Ils n’ont certes pas le même sens en Métropole qu’en Afrique Noire, et le Général de Gaulle devra en tirer des conclusions particulières pour chacun des territoires.
La Métropole se prononce pour ou contre la Constitution ; la propagande politique s’est employée à faire ressortir les mérites et les inconvénients d’un texte, dont la mise au point a été effectuée avec beaucoup de soins.
Le vote des Territoires africains revêt un autre sens. Certes, la question qui leur est posée est la même que celle soumise à l’approbation des Français de la Métropole. Elle ne pouvait pas être différente. Mais pour les Territoires d’Afrique Noire, les « OUI » ou les « NON » signifient qu’ils acceptent ou qu’ils refusent d’entrer dans la communauté française dotée de ses nouvelles institutions.
Il ne pouvait être question de les inviter à adhérer à l’ancien régime républicain. C’était courir à un échec, et les manifestations de Conakry et de Dakar en sont la meilleure preuve.
La croisade noire avait donc pour but de proposer à l’Afrique Noire d’adhérer à une communauté française régénérée. Aucun pays n’a jamais offert aussi clairement un pareil choix à des territoires aussi nombreux et aussi variés.
Une telle proposition n’a été possible que par la lente élévation à la maturité politique des territoires français d’Afrique. « Ce sont les seuls pays sous tutelle, dit un journal canadien, où il y ait un suffrage universel, un gouvernement local dirigé par des Africains, une absence complète de ségrégation. » Et il ajoute : « Si l’on compare cette situation à celle qui prévaut en Afrique Noire britannique, surtout en Afrique centrale, on apprécie justement la différence ».

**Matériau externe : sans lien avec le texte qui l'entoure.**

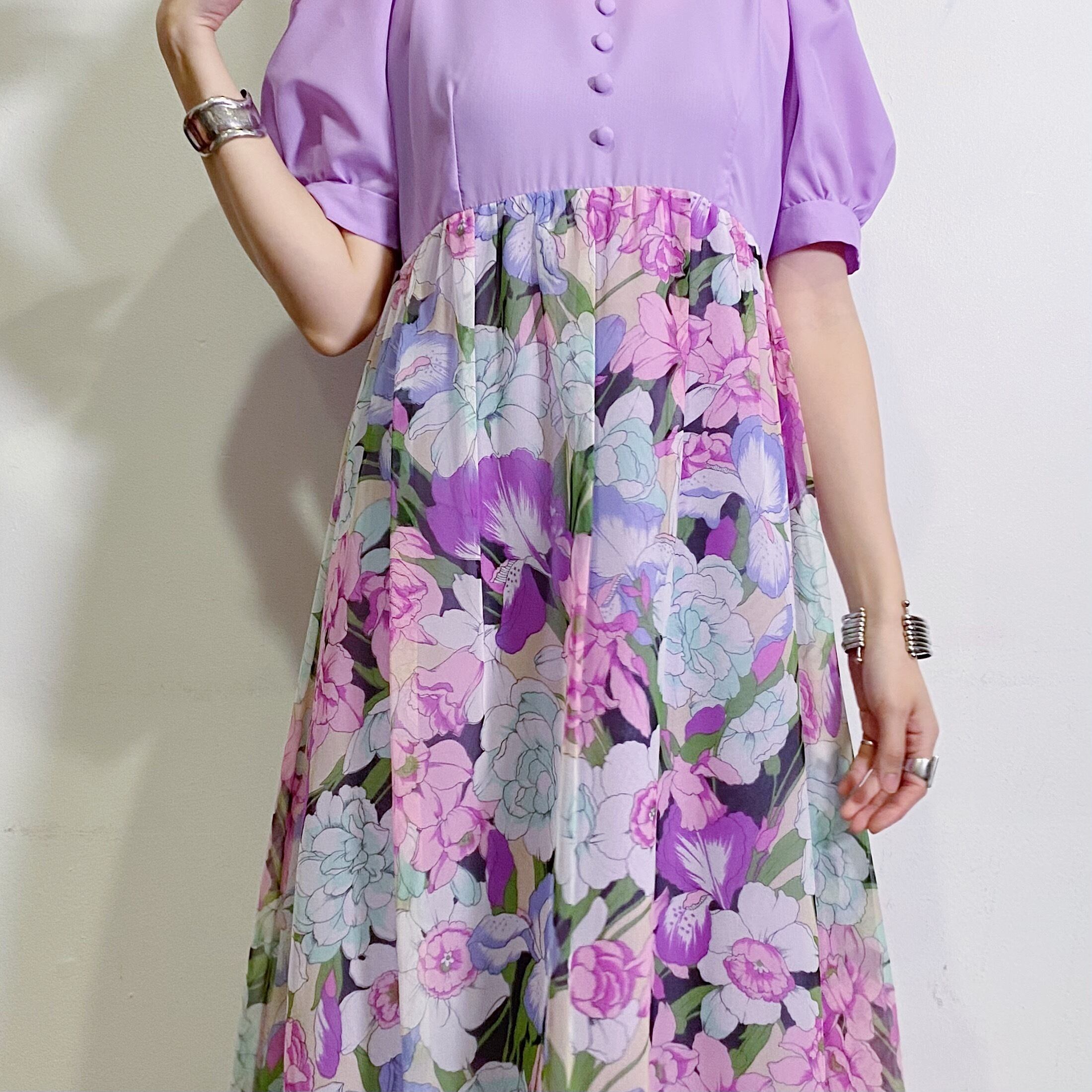 シアー素材に花柄がプリントされたマテリアルが可愛い、70年代のワンピースです。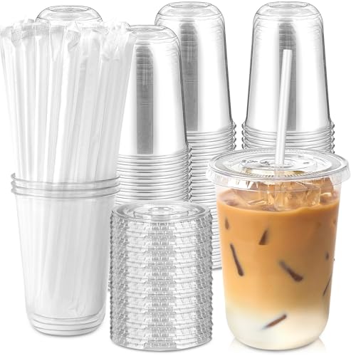 [100 Sets - 16oz Round Bottom Clear Plastic Cups with Lids and Straws, Disposable Iced Coffee Cups with Lids To Go Cold Drink Cups for Smoothies, Juices, Party Catering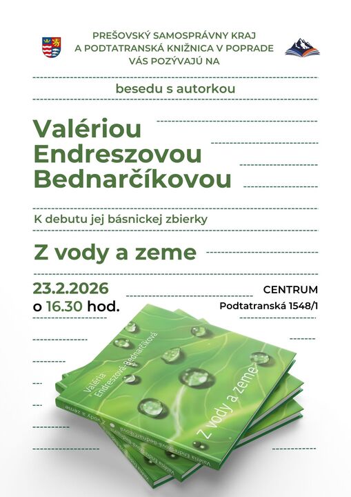 Pozývame Vás na autorskú besedu a čítačku Valérie Endreszovej-Bednarčíkovej, ktorá predstaví svoju debutovú zbierku Z vody a zeme.
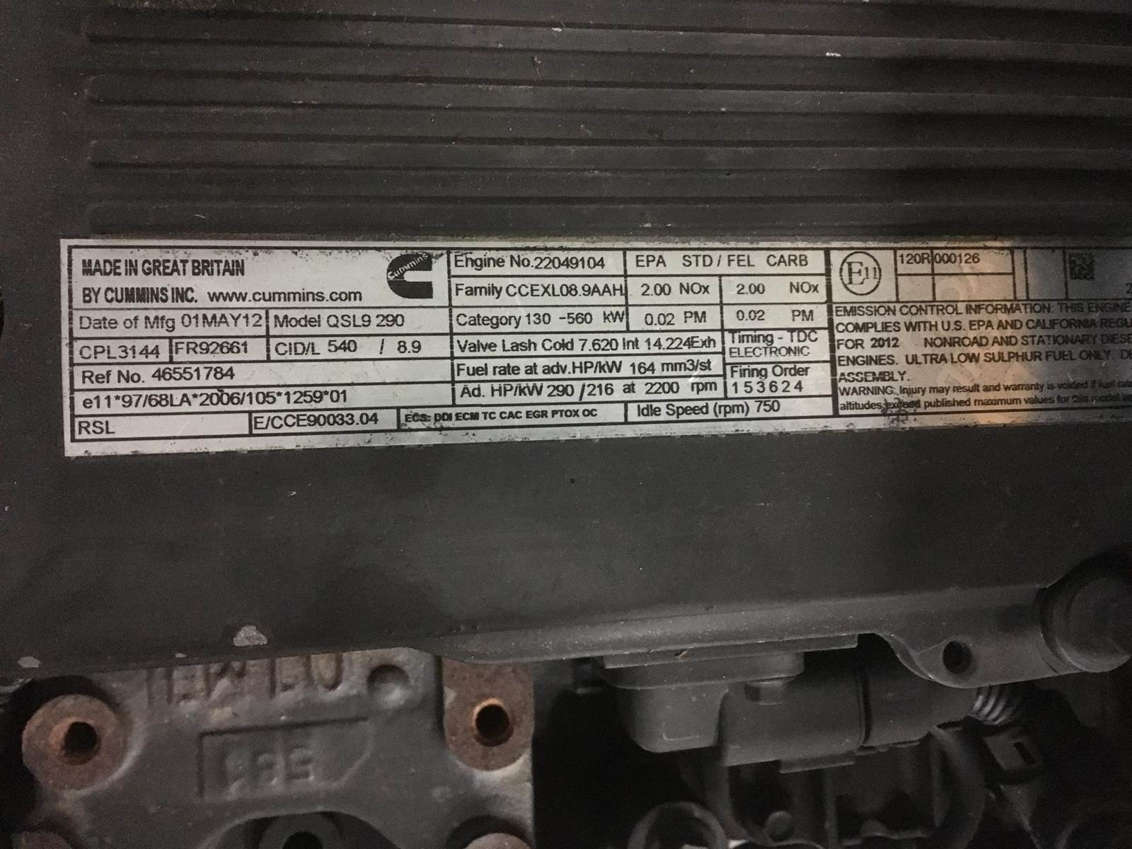 == Information in English == Type: Engine, Empty weight: 720 kg, Dimensions (LxBxH): 130 x 80 x 125 cm, Type number: QSL9 CPL0422 Engine...

Au Général de Gaulle et à son Gouvernement de tirer les conséquences du référendum. Si en présence d’une majorité de « NON » leur décision est simple, devant une majorité de « OUI » ils devront en examiner le détail : pour la Métropole, pour l’Afrique et pour chacun des Territoires africains.
Le nouvel aménagement politique suscitera d’inévitables résistances. Mais le Général de Gaulle saura les dominer car il sait qu’un échec rouvrirait une crise, avec tous les risques que cela comporte.

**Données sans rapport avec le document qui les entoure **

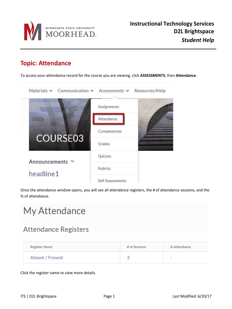 Instructional Technology Services D2L Bright space Student Ectopic: Attendance To access your attendance record for the course you are viewing, click ASSESSMENTS, then Attendance. Once the attendance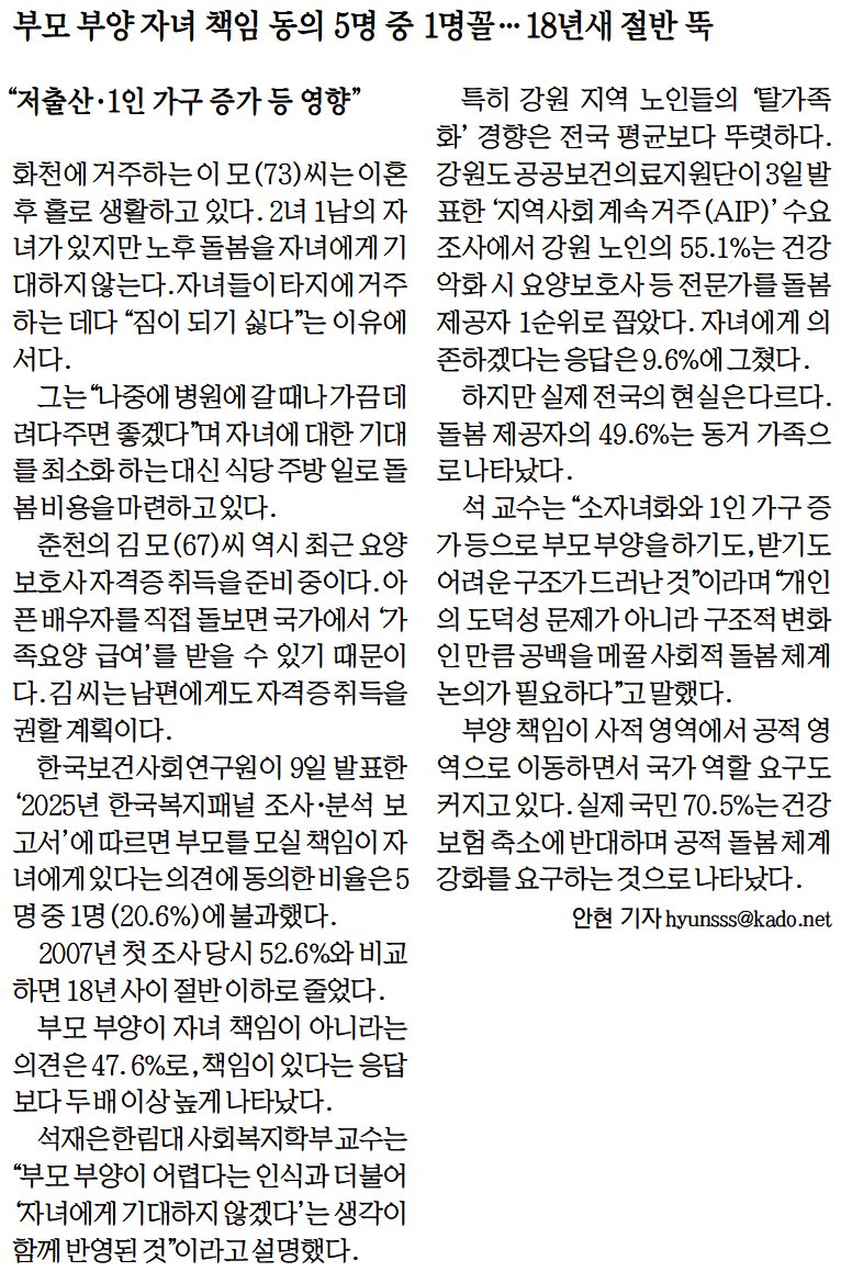 부모 부양 자녀 책임 동의 5명 중 1명꼴…18년새 절반 뚝

Il sait aussi qu’en Métropole les opposants le sont par principe car leur grande majorité représente, ou la clientèle d’un parti étranger ou celle de privilégiés nostalgiques.
Appelé au pouvoir par la majorité des Chambres, moins sous la pression des Comités de Salut Public, comme on a voulu le faire croire, qu’à l’appel profond de la grande majorité des Français, le Général de Gaulle, engage, par le référendum, le destin de la France, peut-être celui de l’Occident, sûrement celui de l’Eurafrique.